SWR could contribute to the changes of neural activities required for cognitive processing. SWR is thought to result from a synchronized burst in the hippocampal CA3 region (Buzsaki et al. 1983). It also has been shown that the temporoammonic (TA) pathway is crucial for the consolidating process (Remondes and Schuman 2004). We observed decreasing trends of power in a wide range of frequency bands during SWR. Interpreting this result, the input strength from EC and CA3, and the number of activated neurons in CA1 during SWR might decrease, optimizing the neural grouping with respect to the behavioral demands. Consequently, the number of SWRs that exceed the threshold would reduce as well. Furthermore, our results showed that the correlation between high gamma (which reflects input from EC) and HFO (which might be lower frequency SWR) changed in the earlier trials as compared to the later trials. Although our results suggest that the input via the TA pathway is involved in memory consolidation processes and the occurrence of SWR, sharp wave-associated bursts increased after lesion of EC (Bragin et al. 1995b). Thus, the interaction and the input timing from these areas might be critical for the generation of SWR and consolidation.

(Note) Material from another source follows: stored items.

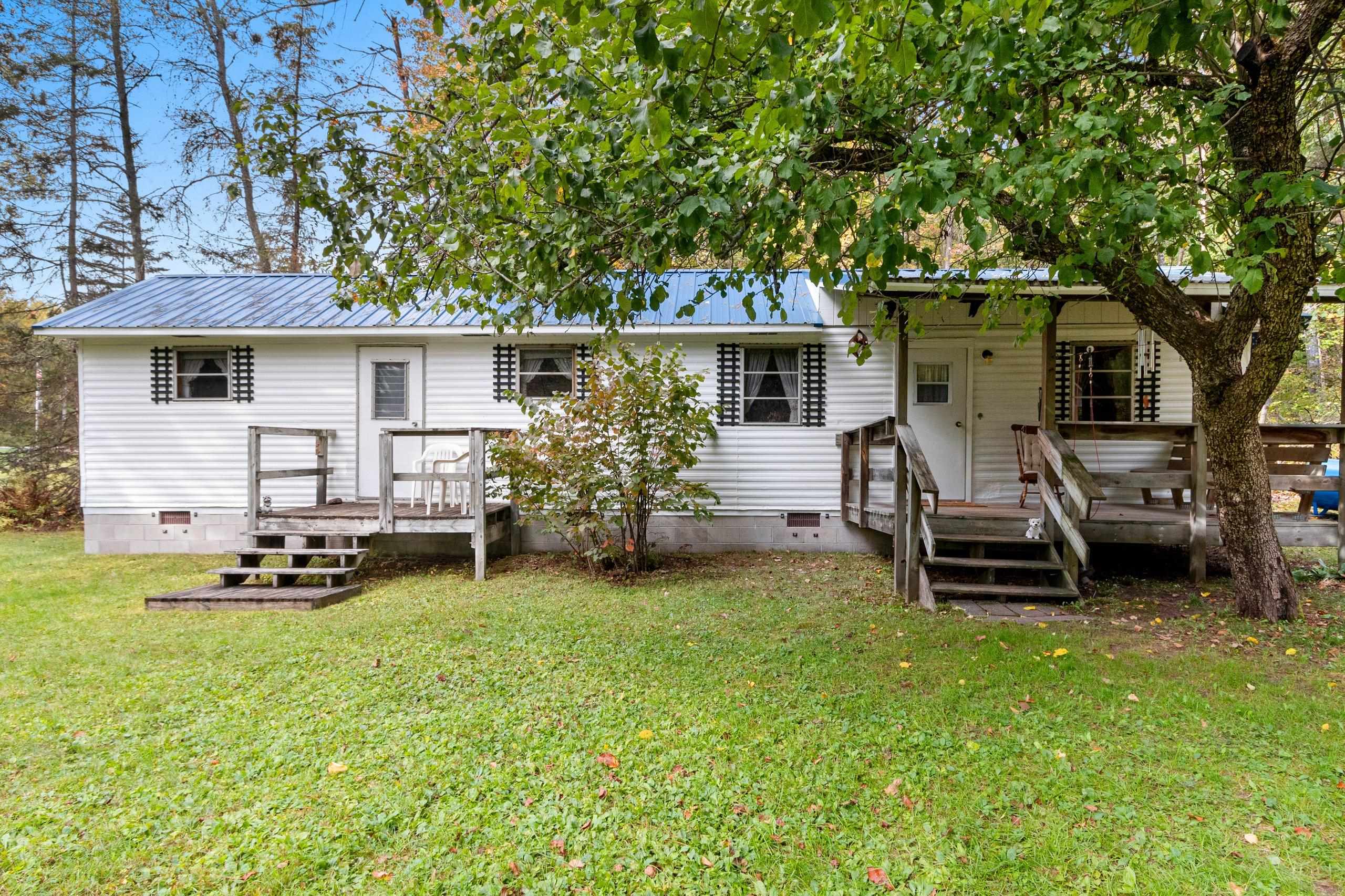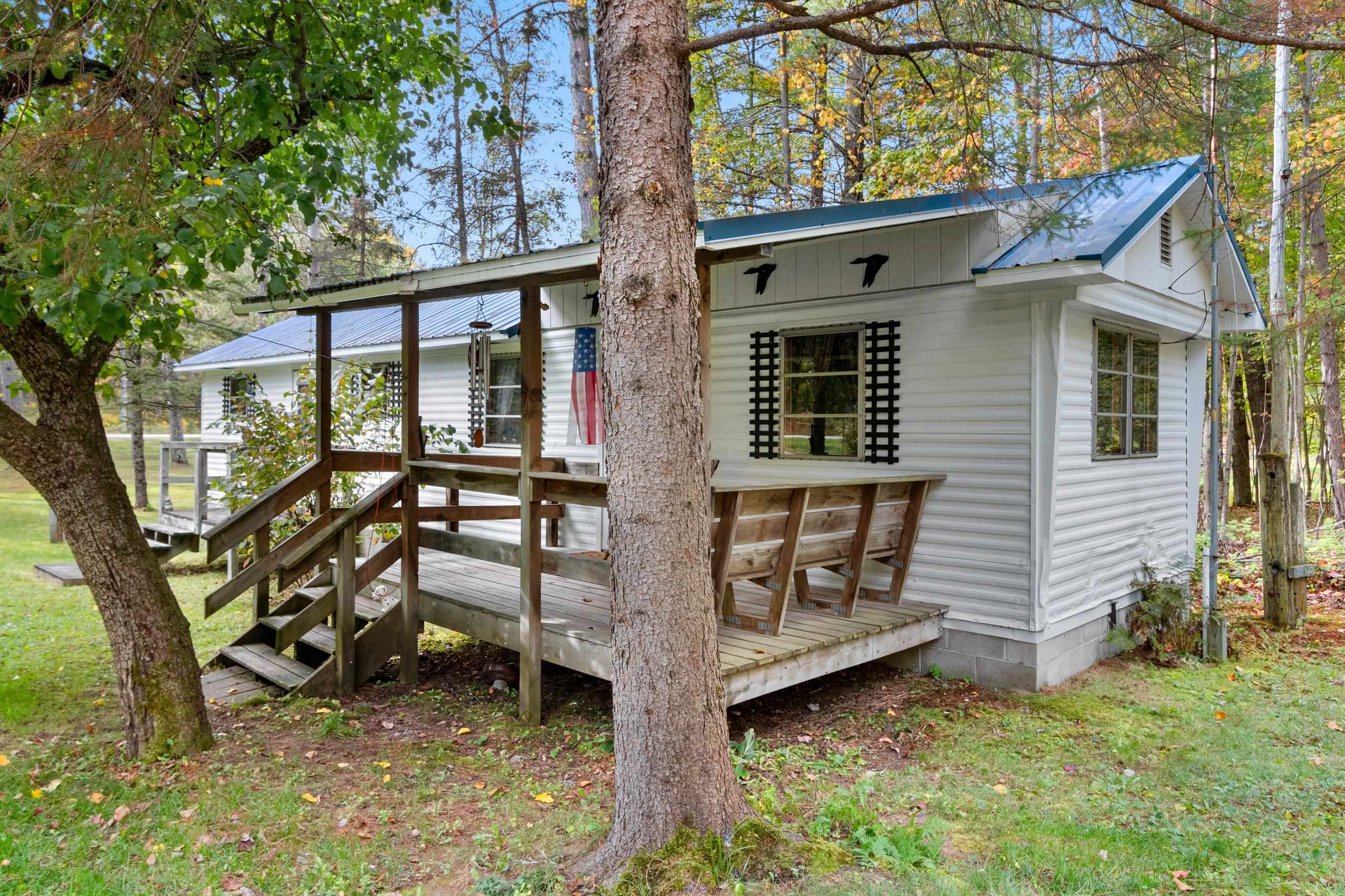Great 2 bedroom, 1 bath mobile home! Make this your home, up north getaway or hunting cabin! Enjoy many nights under your covered front porch or sitting by your bonfire! Close to many lakes, rivers, public hunting land, ATV & snowmobile trails. New metal roof 2015, water heater 2023 and block foundation 2013. Most everything is included, nothing to do but sit back and enjoy!
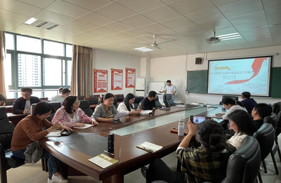 孙志强以《学习贯彻十九届中央委员会工作报告》为题,围绕党的二十大基本情况、党的二十大主题和重大意义、十九届中央委员会的工作报告全文进行了全面、深入的讲解,进一步引导党员干部学习领会党的二十大主题,要求大家真学、真懂、真信、真用;围绕党的二十大重大意义,结合学院工作实际,指导大家要用习近平新时代中国特色社会主义思想铸魂育人,注重教学方式方法创新,为学生打好精神底色、夯实人生根基,在新时代新征程展现新担当新作为。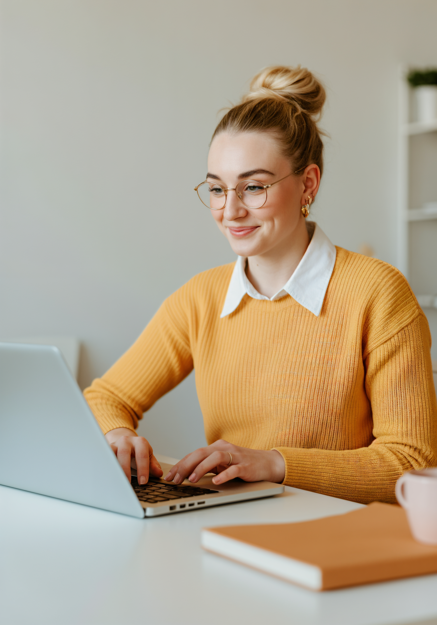 Young woman in glasses and a yellow sweater working on a laptop at a desk with a notebook and coffee mug. Bright and cozy workspace.

In sum, in the present study we showed how neural activities in rat hippocampal area CA1 around the choice point and during SWR adapted along with behavioral changes. Our findings support the notion that the inputs from CA3 and entorhinal cortex play a critical role in memory consolidation as well as in cognitive processes. Particularly, we suggest that SWR and the inputs from the two areas serve to stabilize the task behavior and neural activities.